Eutelsat communications satellite

Eutelsat 4A, previously Eurobird 4A and Eutelsat W1 is a French communications satellite which is operated by Eutelsat. It was constructed by Astrium is based on the Eurostar-2000+ satellite bus. Its launch was contracted by Arianespace, using an Ariane 4 44P-3 carrier rocket. The launch occurred on 6 September 2000, at 22:33 UTC from ELA-2 at the Guiana Space Centre.

It was originally built as Orion 2 for Orion Network Systems. This was later cancelled when Orion merged with Loral Skynet, who opted to procure satellites from their sister company, Space Systems Loral. It was subsequently sold to Eutelsat as a backup satellite and designated RESSAT. It was subsequently launched in place of the original Eutelsat W1, which was damaged whilst under construction and eventually launched as Eutelsat W5.

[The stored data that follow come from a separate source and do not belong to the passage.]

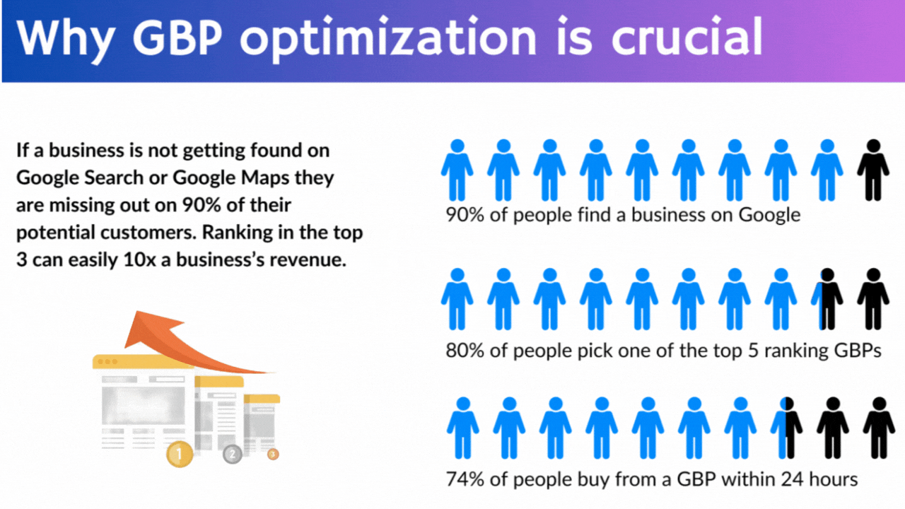 Improved Rankings: We implement these recommendations to cause a significant increase in your Google Business Profile position.
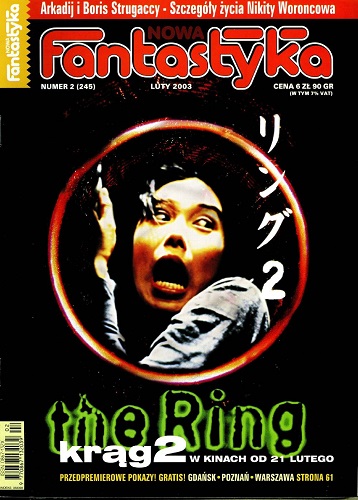 Февральский номер 2003 года (152-й «Новой Фантастыки» и 245-й, если считать ab ovo) редактируют: Анджей Бжезицкий/Andrzej Brzezicki (художественно-оформительский отдел), Марек Нововейский/Marek S. Nowowiejski (отдел иностранной литературы), Марек Орамус/Marek Oramus (отдел критики и публицистики), Мацей Паровский/Maciej Parowski (отдел польской литературы, главный редактор), Кшиштоф Шольгиня/Krzysztof Szolginia (секретарь редакции), Веслава Ярых/Wiesława Jarych (корректура). В списке постоянных сотрудников числятся: Яцек Дукай/Jacek Dukaj, Аркадиуш Гжегожак/Arkadiusz Grzegorzak, Марек Холыньский/Marek Hołyński, Лех Енчмык/Lech Jęczmyk, Анджей Качоровский/Andrzej W. Kaczorowski, Анджей Колодыньский/Andrzej Kołodyński, Доминика Матерская/Dominika Materska, Аркадиуш Наконечник/Arkadiusz Nakoniecznik, Анджей Сапковский/Andrzej Sapkowski, Яцек Собота/Jacek Sobota, Гжегож Щепаняк/Grzegorz Szczepaniak, Бартек Свидерский/Bartek Świderski, а также Agregator, Aligator, Anihilator, Kunktator, Negocjator, Predator, Reanimator и Terminator. Тираж номера не указан. В оформлении лицевой стороны передней обложки использован рекламный плакат фильма “The Ring-2”. Внутренняя сторона передней обложки занята рекламой книжной продукции издательства “Prószyński i S-ka”. В «Галерее» (стр. 17-24) размещены репродукции работ британского художника ДЖИМА БАРНСА/Jim Burns, почерпнутые из альбома “Transluminal” (London: “Paper Tiger”). На внутренней стороне задней обложки напечатан анонс следующей «Галереи» (репродукция работы художника СТИВЕНА ЮЛЛА/Stephen Youll). На внешней стороне задней обложки расположена афиша фильма польского режиссера Анджея Чечота “Eden”. Цена экземпляра -- 6 злотых 90 грошей.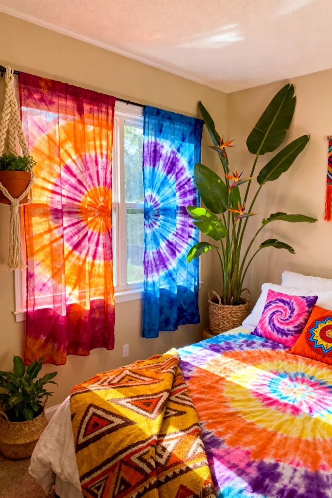 Choose vibrant, semi-sheer tie-dye curtains in warm oranges and cool blues to bathe the room in colorful sunlight. Place a massive, lush Bird of Paradise plant in a woven basket right by the window. Opt for a bedspread featuring a massive, bright rainbow spiral pattern to fully embrace the hippie aesthetic. Use a contrasting yellow and brown geometric blanket at the foot of the bed to mix up the patterns. Hang a textured macrame plant holder in the corner to keep the bohemian, free-spirited energy flowing from floor to ceiling.

Following its launch and on-orbit testing, it was placed in geostationary orbit at 10° East, from where it provided broadcast and communications services to Europe using wide-band feeds. In June 2009, it was moved to 4° East, and redesignated Eurobird 4A. It carries twenty eight transponders, and has an expected on-orbit lifespan of 12 years.

In 2012 it was renamed Eutelsat 4A.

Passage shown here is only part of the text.